Current implementation by music catalogers in the U.S.commenced almost immediately upon the release of the vocabularies, thanks in large part to training sessions at conferences and online, and to the best practices documents for LCMPT1 and for music terms in LCGFT2 promulgated and maintained on an ongoing basis by MLA. Some music catalogers have also begun to include other fields, such as the 046 and 370, in bibliographic records for musical resources and authority records for musical works and expressions.
Despite the rapid and enthusiastic uptake of these new vocabularies and other facet-friendly metadata elements by music catalogers in current cataloging (at least in the U.S.), full implementation of the faceted
approach to indexing and discovery of music resources requires that all legacy metadata be enhanced with the same types of faceted data that catalogers are manually inputting now. In response to this imperative, in 2014 the Music Library Association’s Subject Access Subcommittee (now the Vocabularies Subcommittee
(MLA/VS)) began a multi-year project to analyze the content of LCSH music headings and MARC codes in bibliographic records for notated and performed music. The objective was to develop specifications for
machine generation of faceted data that could be encoded in the aforementioned MARC fields.
Ideally, in such a retrospective process, each LCSH heading that describes what a music resource is (rather than what it is about) should beget at least one faceted data field. In most cases a heading will generate a medium of performance statement in a 382 field and/or one or more genre/form terms in 655 fields. In other cases, terms for audience and creator characteristics, coded dates, and geographic place terms can also be automatically generated.
LCSH syntax for music headings is complex but systematic, fairly well documented3 and largely predictable.
That said, the complexities of this syntax defy one-to-one crosswalking of terminology. Many LCSH headings are amenable to one-to-one conversion (e.g., LCSH Old-time music is equivalent to LCGFT Old-time music), but many headings contain multiple disparate components that must be “decoupled” in order to be repurposed as faceted data. For example:
650 _0 Sonatas (Viola and piano), Arranged $v Scores and parts.
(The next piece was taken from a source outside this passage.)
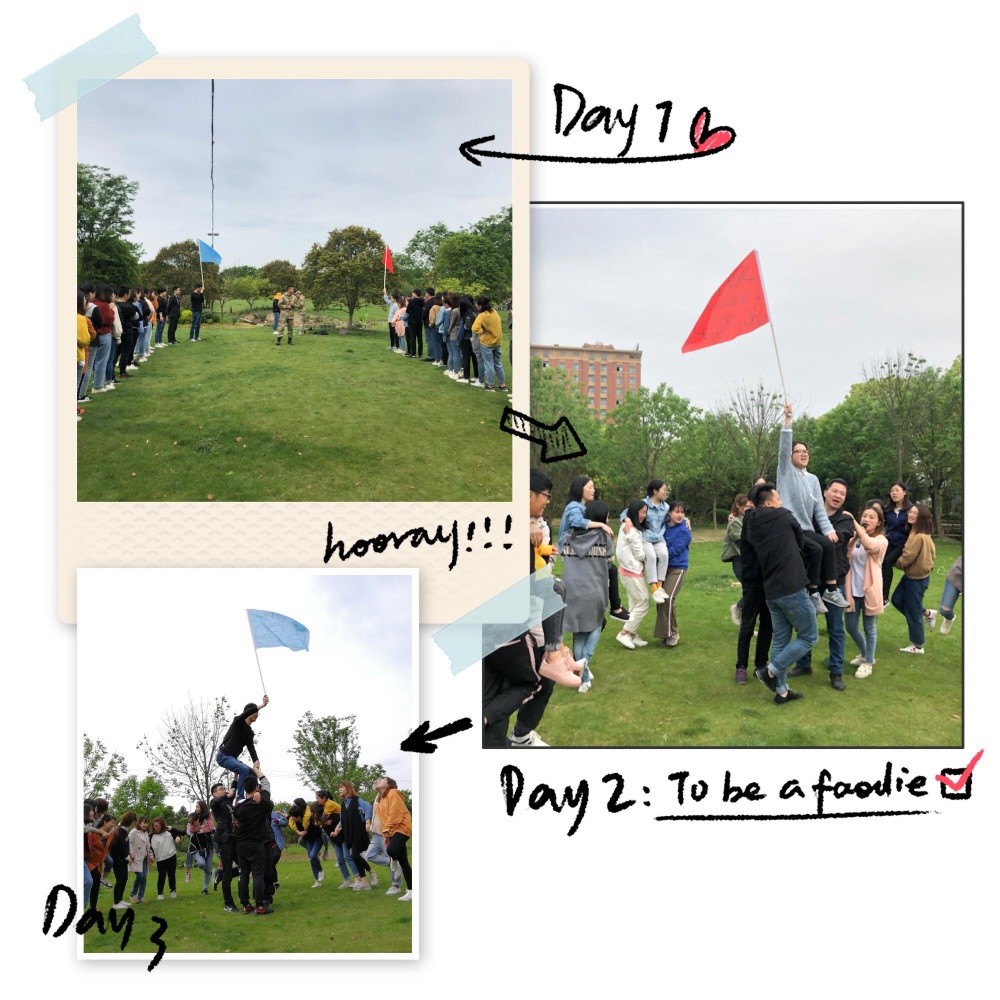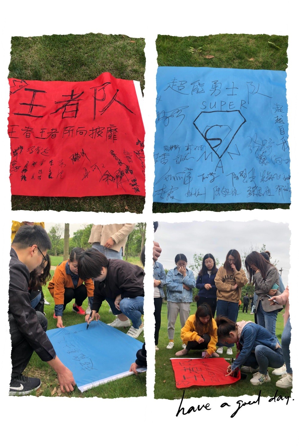 熱身運動結束后活動就正式開始啦,根據教官的指示,全體學員分成兩組,每組設計自己的隊名、隊標和口號。瞧,在大家的齊心協力下,“王者隊”和“超能勇士隊”就這樣誕生啦!不管結果怎樣,隊名要靚,口號要響,氣勢上要能壓倒對方。

corresponds to the following faceted data
382 01 viola $n 1 $a piano $n 1 $s 2 $2 lcmpt
655 _7 Sonatas. $2 lcgft
655 _7 Chamber music. $2 lcgft
655 _7 Arrangements (Music) $2 lcgft
655 _7 Scores. $2 lcgft
655 _7 Parts (Music) $2 lcgft
Given the complexity of variables involved with LCSH pattern music headings, an enumerative table listing each possible LCSH permutation and its corresponding faceted data output would be impractical. Furthermore, an exhaustive description of these complexities is beyond the scope of this document. Suffice it to say, an effective process (or “Algorithm”) should be sufficiently detailed to account for all nuances built in to LCSH practice, but also succinct enough to be comprehensible by an implementer and actionable by a programmer.
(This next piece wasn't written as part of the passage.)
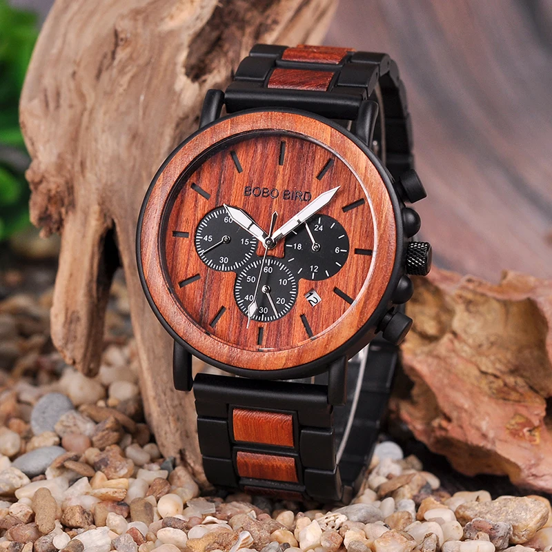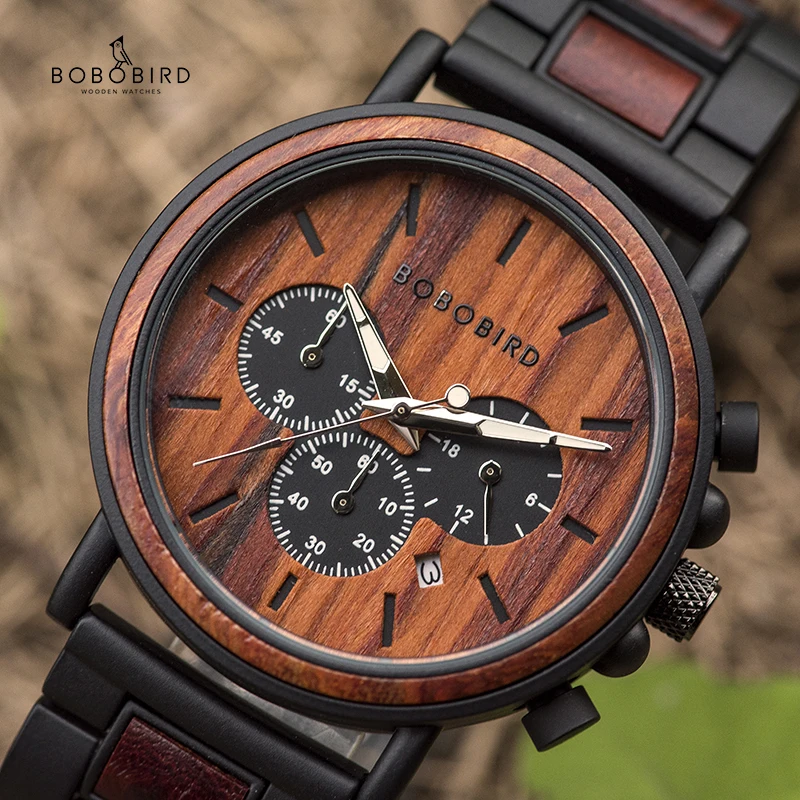 Мужские деревянные часы BOBO BIRD, роскошные стильные деревянные часы с хронографом, военные кварцевые часы в деревянной подарочной коробке, relogio masculino

In order to instantiate and prove in concept the viability of the intellectual endeavor of mapping LCSH headings to faceted data and their corresponding MARC fields, MLA engaged Gary Strawn of Northwestern University, whose prowess in developing tools to manipulate library descriptive metadata is well established.4 MLA/VS and Strawn proceeded to collaborate in developing machine-actionable specifications for retrospective generation of faceted data based on legacy metadata. MLA/VS developed the intellectual essence of the Algorithm, providing music expertise and deep knowledge of LCSH practice for music, and Strawn created a program (a Dynamic-link library, or “DLL”) that runs the Algorithm on MARC bibliographic records. Both the MLA Algorithm and Strawn DLL have been undergoing ongoing testing and
Subsequently, at the urging of MLA/VS, in 2017 Strawn created an OCLC toolkit (the “Music Toolkit”), a macro that “calls” the DLL and writes the results of the DLL into a single bibliographic record within OCLC Connexion. The toolkit documentation is available online.5 The Algorithm, as instantiated in Strawn’s DLL is fully described in the document Deriving 046, 370, 382, 385, 386, 388 and 655 fields in bibliographic records for notated music and musical sound recordings6 and its accompanying spreadsheet.7 These documents are subject to ongoing revision by MLA/VS and Strawn as the Algorithm and DLL are refined over time.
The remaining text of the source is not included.